I owned a Cold Steel Pendleton Mini Hunter years ago. I never really did much with the one I used to own because I didn’t have a sheath that made it very practical to carry but the knife itself was excellent. I thought of it as a paring knife on steroids which is to say it was an excellent utility knife that was quite stout.
Fast forward to earlier this year when I was looking for a knife with some basic requirements – stainless, large and stout enough to baton sticks of a reasonable diameter for fire making, small enough to EDC, and with a 90-degree spine. The idea was that, when coupled with a Swiss Army Knife (with saw) and a ferro rod/lighter, it would be the foundation of a sort of EDC-able survival kit. Surprisingly, this was difficult to find in a relatively affordable production knife which drove me back to the Pendleton Mini Hunter. It not only fits this niche but I found that it has become extremely affordable. I purchased one for just $35.
The knife itself is excellent. The flat ground AUS-10A blade is 3″ long and .130″ thick at the spine which is quite stout. It features a drop point blade shape that has a distal taper to the tip rendering a strong but useful point. The handle is molded rubber that allows a four-finger grip (though it is narrow) and is comfortable to use even when cold thanks to the lack of exposed tang. It has a small guard that is unobtrusive and the 90-degree spine throws sparks like a champ.

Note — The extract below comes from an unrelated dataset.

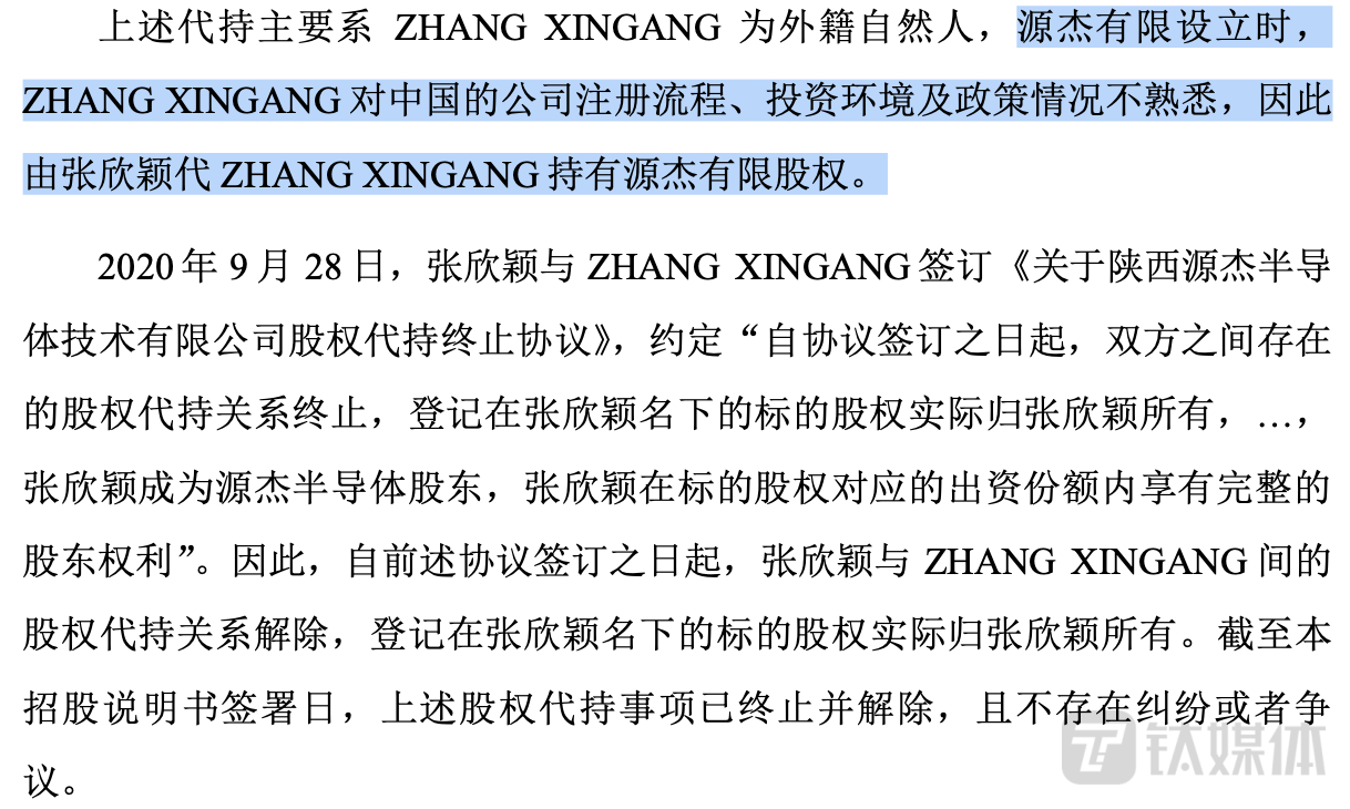 张欣刚则解释称:“源杰有限设立时,身为外籍自然人对中国的公司注册流程、投资环境及政策情况不熟悉,因此由张欣颖代持。”

In use, it really does feel like the most useful paring knife if your kitchen but 10X as durable. It may not sound like it initially, but that is supposed to be high praise. It can cut your apple for lunch, trim a thread, dress your deer, or start a fire in challenging conditions which is pretty impressive for a knife that costs $35, weighs 2 ounces, and is exceedingly easy to carry… as long as you spend a bit more money on sheaths.
When it comes to sheaths, there are a ton of options. I can only speak to the two I’ve tried. The first is a KSF (Knives Ship Free) Pocono Pocket Sheath. This leather pouch sits gracefully in your front or back pocket and has room to carry a ferro rod (which I do) in addition to the knife.

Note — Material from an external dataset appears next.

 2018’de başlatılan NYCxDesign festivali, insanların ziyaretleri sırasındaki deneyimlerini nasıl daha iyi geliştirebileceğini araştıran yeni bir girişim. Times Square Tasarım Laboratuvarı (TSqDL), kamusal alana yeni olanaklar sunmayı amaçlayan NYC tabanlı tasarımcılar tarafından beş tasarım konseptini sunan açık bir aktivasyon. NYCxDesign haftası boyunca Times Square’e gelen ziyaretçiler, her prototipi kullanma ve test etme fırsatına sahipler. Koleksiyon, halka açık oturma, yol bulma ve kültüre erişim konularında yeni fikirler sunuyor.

The sheath second option, a kydex sheath from RK Kydex, is probably the better option considering the versatility, availability, and affordability. I set mine up with a single snap loop which makes it easy to carry on my belt, as a neck knife, or in the pocket. I had this sheath in days, the quality is excellent, and I only paid $28 for it which is very affordable compared to most of the market. I highly recommend these sheaths.
The combination of the Cold Steel Pendleton Mini Hunter and the RK Custom Kydex Sheath was perfect for fleshing out my pocket survival knife idea. It is on my belt as I type this. I think this knife would make a great addition to anyone’s kit or a great gift.